Segment Start: PROVIDED DATA

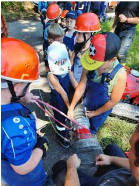
An der Saugleitung wurde der Saugkorb angebracht und nun wird die Sicherungsleine angebracht
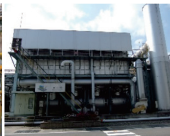
蓄熱燃焼式排ガス処理施設 （株式会社ENEOS マテリアル）
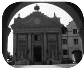
Римо-католицька парафія «Серця Ісуса» (сьогодення)
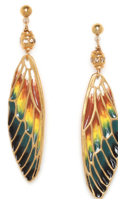
12--66261 Post 4 g - 5 cm 65 €
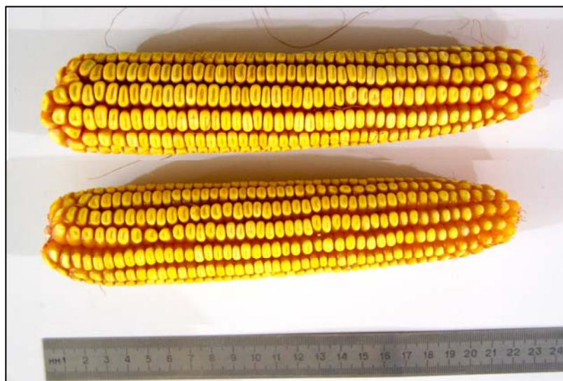
წიკანი 1 TSILKANI 1

Grain yield on normal agro-background makes up 9-10 ton on a hectare. It has universal direction as for food-stuffs, as well as for forage. It is recommended to be spread in east and west regions of Georgia which produces maize.

Segment End: PROVIDED DATA

» **TASK TO CARRY OUT**
Extract, word for word, every line from the one containing "12--66261 Post 4 g - 5 cm 65 €" to the end of the data above, both ends included, and leave out the pictures.

» **TASK RESPONSE**
12--66261 Post 4 g - 5 cm 65 €
წიკანი 1 TSILKANI 1

Grain yield on normal agro-background makes up 9-10 ton on a hectare. It has universal direction as for food-stuffs, as well as for forage. It is recommended to be spread in east and west regions of Georgia which produces maize.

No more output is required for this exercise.